- **MATERIAL FOR THIS EXERCISE**
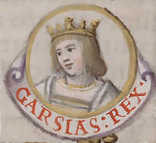 Garcia I of Leon
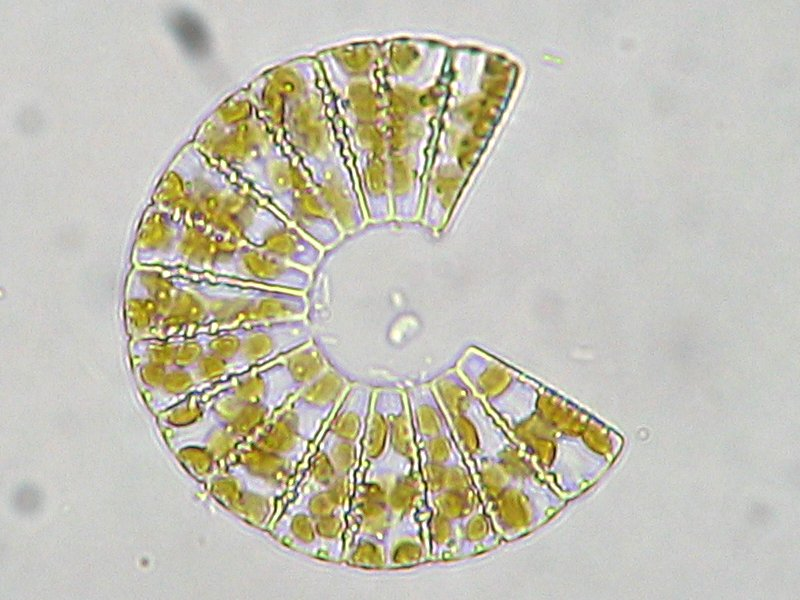 This work is free and may be used by anyone for any purpose. If you wish to use this content, you do not need to request permission as long as you follow any licensing requirements mentioned on this page.
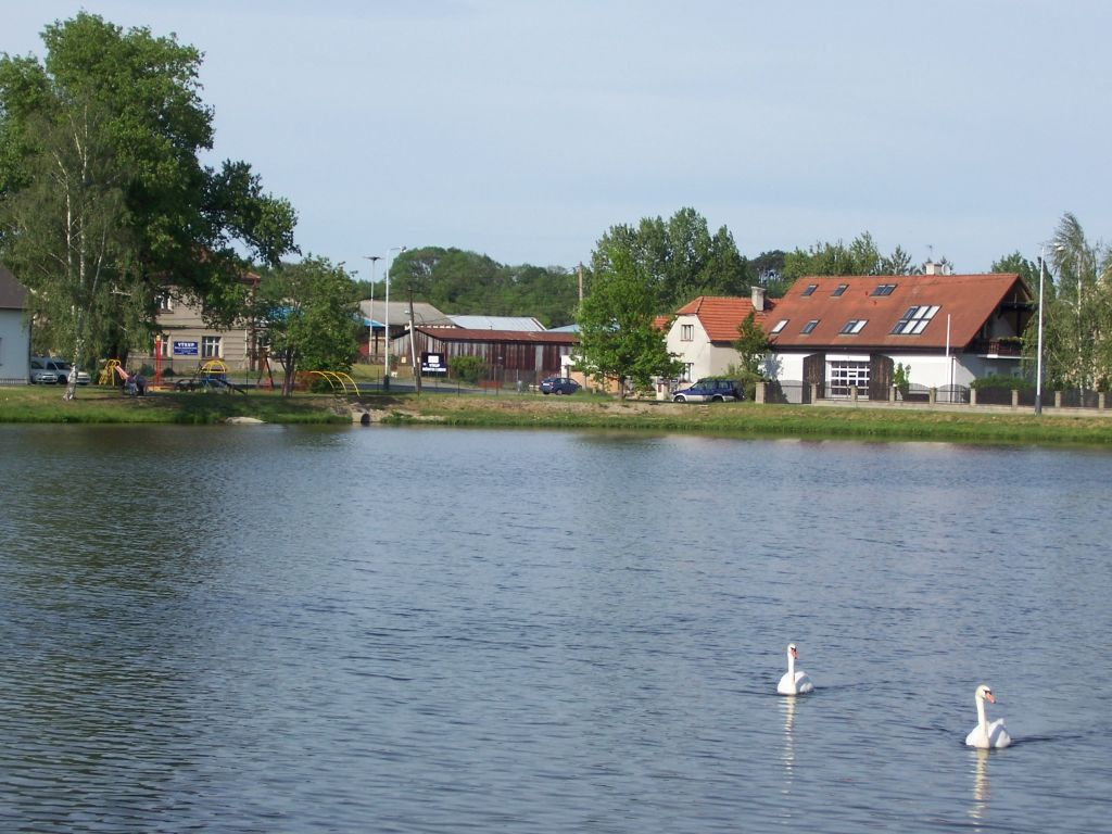 Horoušany
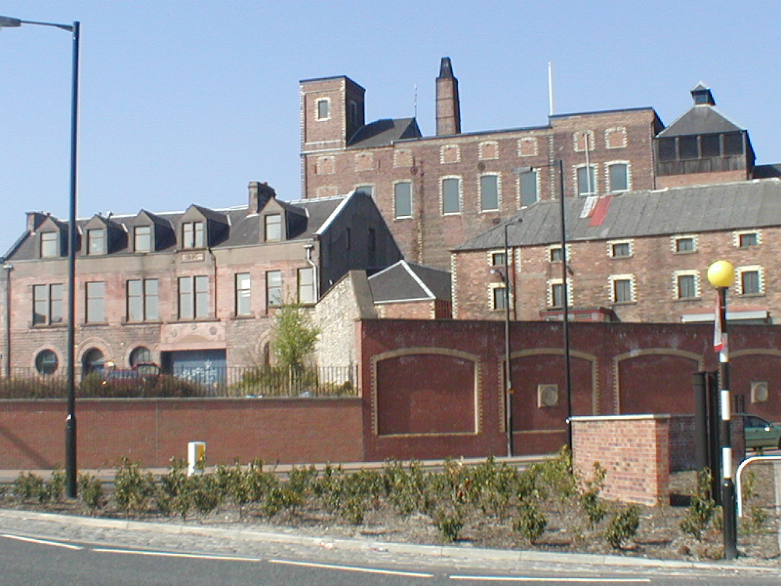 Photo of Maclays Brewery, Alloa in 2003.
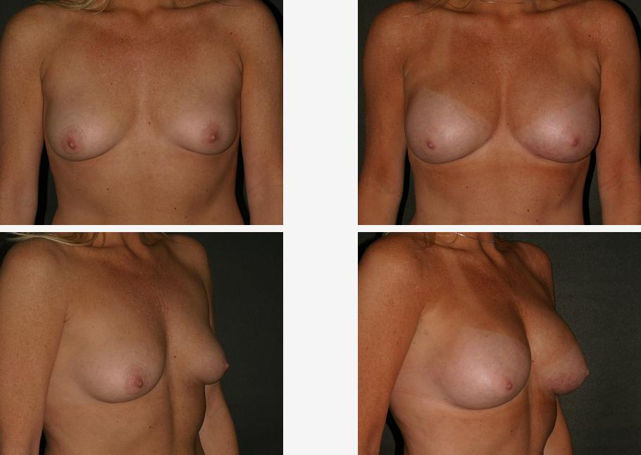 Plastic surgery; fat-graft breast augmentation; 4 plates
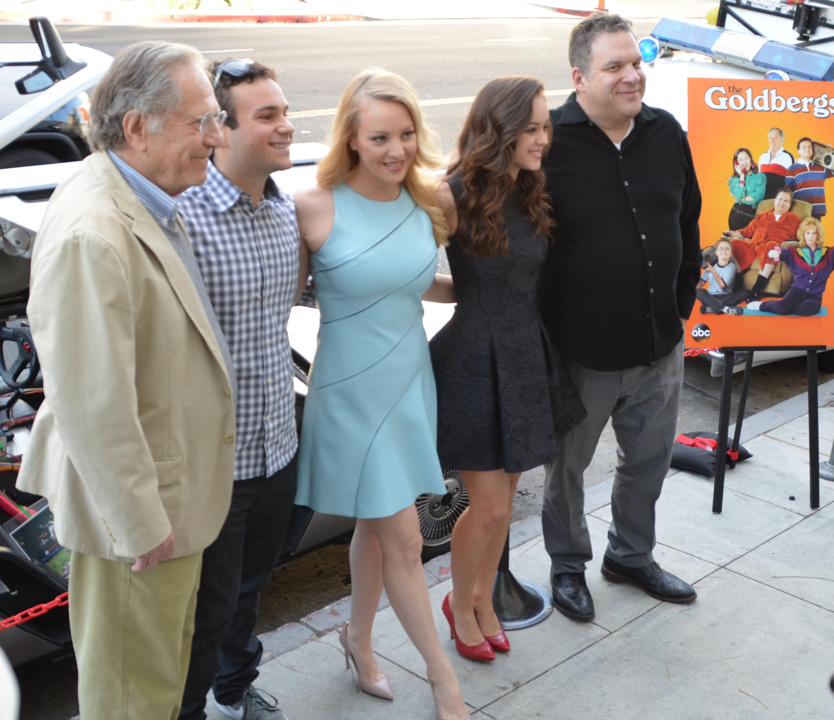 The Goldbergs on ABC
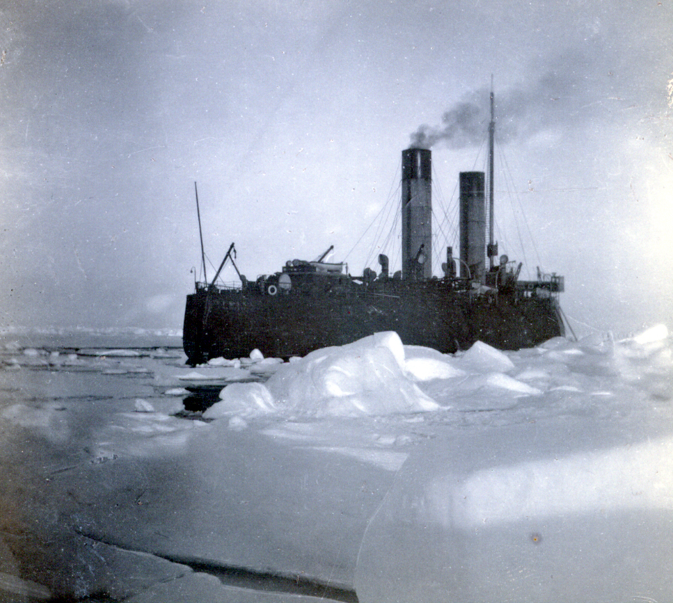 Yard no. 684, Ermack. Showing the icebreaker 'Ermack' in the ice The Ermack was built on the Tyne at the Walker Yard by Vickers Armstrong & Co Ltd. Reference: TWAS: ds.va/3/G7901GGG (Copyright) We're happy for you to share this digital image within the spirit of The Commons. Please cite 'Tyne & Wear Archives & Museums' when reusing. Certain restrictions on high quality reproductions and commercial use of the original physical version apply though; if you're unsure please . To purchase a hi-res copy please quoting the title and reference number.
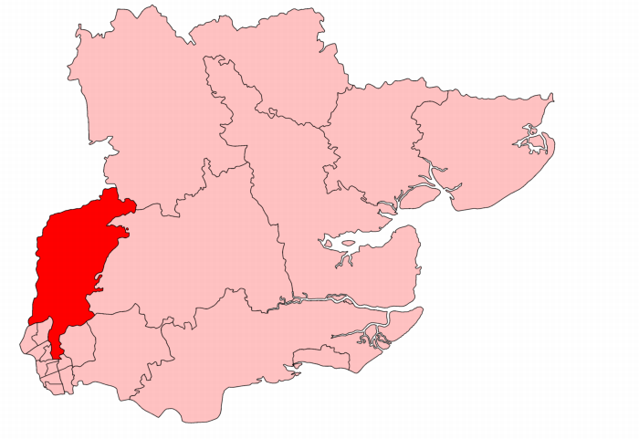 A map of Epping constituency within Essex, as it existed from 1918 to 1945.

- **EXERCISE DETAILS**
Set down the entries shown above once more, exactly as they read, but without pictures.

- **OUTPUT FOR THIS TASK**
 Garcia I of Leon
 This work is free and may be used by anyone for any purpose. If you wish to use this content, you do not need to request permission as long as you follow any licensing requirements mentioned on this page.
 Horoušany
 Photo of Maclays Brewery, Alloa in 2003.
 Plastic surgery; fat-graft breast augmentation; 4 plates
 The Goldbergs on ABC
 Yard no. 684, Ermack. Showing the icebreaker 'Ermack' in the ice The Ermack was built on the Tyne at the Walker Yard by Vickers Armstrong & Co Ltd. Reference: TWAS: ds.va/3/G7901GGG (Copyright) We're happy for you to share this digital image within the spirit of The Commons. Please cite 'Tyne & Wear Archives & Museums' when reusing. Certain restrictions on high quality reproductions and commercial use of the original physical version apply though; if you're unsure please . To purchase a hi-res copy please quoting the title and reference number.
 A map of Epping constituency within Essex, as it existed from 1918 to 1945.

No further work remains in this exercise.